This is a Brazil side still finding its identity between cycles, drawn into a tournament slot by geography rather than by the South American qualifying path. Their Group C opponent is a Scotland team playing with the discipline of a side determined to prove that reaching this stage was not the ceiling of their ambition. The contest in Miami, in front of a heavily Brazilian-leaning crowd, doubled as a test of how both squads cope with a tournament where the margins are thin and the officiating is under a global lens.

Vinicius pounces in the seventh minute

The opener arrived in the seventh minute and was straightforward by the standards of what followed. A Scotland defensive error at the back allowed Vinicius Junior to pounce, and the forward finished the chance to give Brazil the early lead, according to BBC Sport's minute-by-minute coverage from Miami. The tone was set: a Brazilian team willing to press high and a Scottish side that would have to absorb early pressure before finding their own rhythm.

TeleSUR's English-language wire confirmed the goal sequence at the 22:09 UTC timestamp, with the post noting simply: "GOAL FOR BRAZIL! Vinicius Junior scores to put Brazil ahead against Scotland." The celebrations in the stands, draped in the yellow of the Seleção, were already loud. They were about to get louder, and then quieter, and then louder again.

A second goal, ruled out, then awarded

The storyline of the night became the officiating. Brazil thought they had doubled their lead in first-half stoppage time — Iran's Tasnim news agency reported the goal in the third minute of added time, taking the scoreline to 2-0. The benches and the Brazilian players in the box celebrated as if it were done.

It was not. The referee was sent to the pitch-side monitor to review a Vinicius Junior foul in the build-up, according to BBC Sport's live coverage at the 23:02 UTC mark. The goal was ruled out. Brazil's lead, briefly comfortable, returned to a single goal. The stadium noise flattened.

What happened next is where the night tilts from a routine opener into a VAR case study. Within minutes, a second Vinicius effort stood. BBC Sport's reporting sequence — first the disallowed goal at 23:02, then a confirmed second for Brazil later in the same window — left the final scoreline at 2-0 to the Seleção, with both goals credited to the Real Madrid forward.

The pattern is familiar to anyone who has watched a major tournament over the last three cycles. Goals are scored, celebrations are full-throated, then the match official walks to the side of the pitch with finger to the earpiece. The stadium holds its breath. The decision goes one way or the other. This time it went Brazil's way, twice.

Scotland's travelling support and the shape of the test

Long before the kick-off, the story in Miami was the colour in the stands. Al Jazeera's breaking-news feed at 21:30 UTC — more than an hour before the whistle — captured Scotland supporters gathered in their thousands ahead of a "blockbuster World Cup clash with Brazil." The Tartan Army has built a reputation at recent tournaments of converting any host city into an away-day carnival, and Miami on a summer evening gave them the canvas.

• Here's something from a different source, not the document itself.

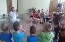 Медсестра Маргарита Владимировна в подготовительной к школе группе провела беседу "Профилактика простудных заболеваний"/Шәфкать туташы уен формасында балалар белән күнегүләр үткәрде
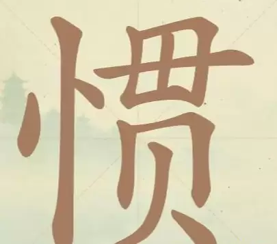 先看这个“惯”字,典型的左右结构。关键在右边那个“贯”字。它的上半部分,其实是“毋”字的一种变形写法,而下半部分,则是一个清晰的“贝”字。从这个主体框架出发,那些基础的笔画和部件就浮现出来了——比如“一”、“人”、“贝”、“口”。把这些基础字再组合一下,“员”(口+贝)和“贯”本身也就出来了,最后别忘了题目本身的“惯”字。按照笔画的顺序和结构逻辑逐一排查,这关就能轻松拿下。

That travelling support matters tactically as well as atmospherically. Steve Clarke's Scotland have made a habit of compact defensive shape and disciplined transitions, the kind of football that punishes over-elaboration and rewards set-piece concentration. Against a Brazil side still rotating pieces around Vinicius Junior, Rodrygo and the supporting cast, the Scottish template was always going to be about absorbing early pressure and waiting for a moment. The early concession at the seventh minute was the wrong kind of moment. The disallowed second goal was, briefly, the right one. The eventual confirmation of a 2-0 deficit was neither.

What the disallowed goal tells us about where the tournament is going

The VAR review is now the most-watched piece of officiating in football, and Brazil-Scotland was a clean illustration of why. A goal scored in the third minute of stoppage time — the kind of moment that decides group-stage campaigns and, occasionally, tournament trajectories — was erased because of a foul in a phase of play that ended ten seconds earlier. The technology did what it was installed to do: catch an offence that the on-field officials missed in real time.

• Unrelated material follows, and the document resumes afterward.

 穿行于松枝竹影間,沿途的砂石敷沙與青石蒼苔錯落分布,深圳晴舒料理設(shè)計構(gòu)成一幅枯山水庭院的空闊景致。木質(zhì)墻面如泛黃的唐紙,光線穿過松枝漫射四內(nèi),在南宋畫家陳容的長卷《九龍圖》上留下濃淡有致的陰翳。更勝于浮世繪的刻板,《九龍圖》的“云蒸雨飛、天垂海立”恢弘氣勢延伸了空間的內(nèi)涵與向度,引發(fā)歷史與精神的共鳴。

The cost is rhythm. Players do not know whether to celebrate or jog back to the centre circle. Coaches do not know whether to plan for the next kick-off or the next defensive reset. Supporters do not know whether to sing or to wait. Brazil won both of those coin-flip moments in Miami, and the scoreline at full time read 2-0 in their favour. On another night, against another opponent, with another referee walking to the monitor, the math runs the other way.

The tournament has not yet answered the question it has been asking for three cycles: whether a system designed to deliver correct outcomes is worth the loss of spontaneity it purchases. Brazil will not complain. Scotland, on the evidence of the seventh minute alone, will have plenty to think about before their next group fixture.

Stakes and what comes next

For Brazil, the win stabilises a Group C campaign that began with the pressure familiar to any Seleção travelling to a tournament: win the opener, settle the dressing room, give the front four something to build from. Vinicius Junior's double, even after the VAR intervention, does that job.

For Scotland, the task is narrower. They have come further than any Scotland side in a generation, and the travelling support in Miami was the visible proof. The lesson of the seventh minute, and of the sequence around the disallowed goal, is that at this level the difference between a tournament of memories and a tournament of regrets is the width of a video frame.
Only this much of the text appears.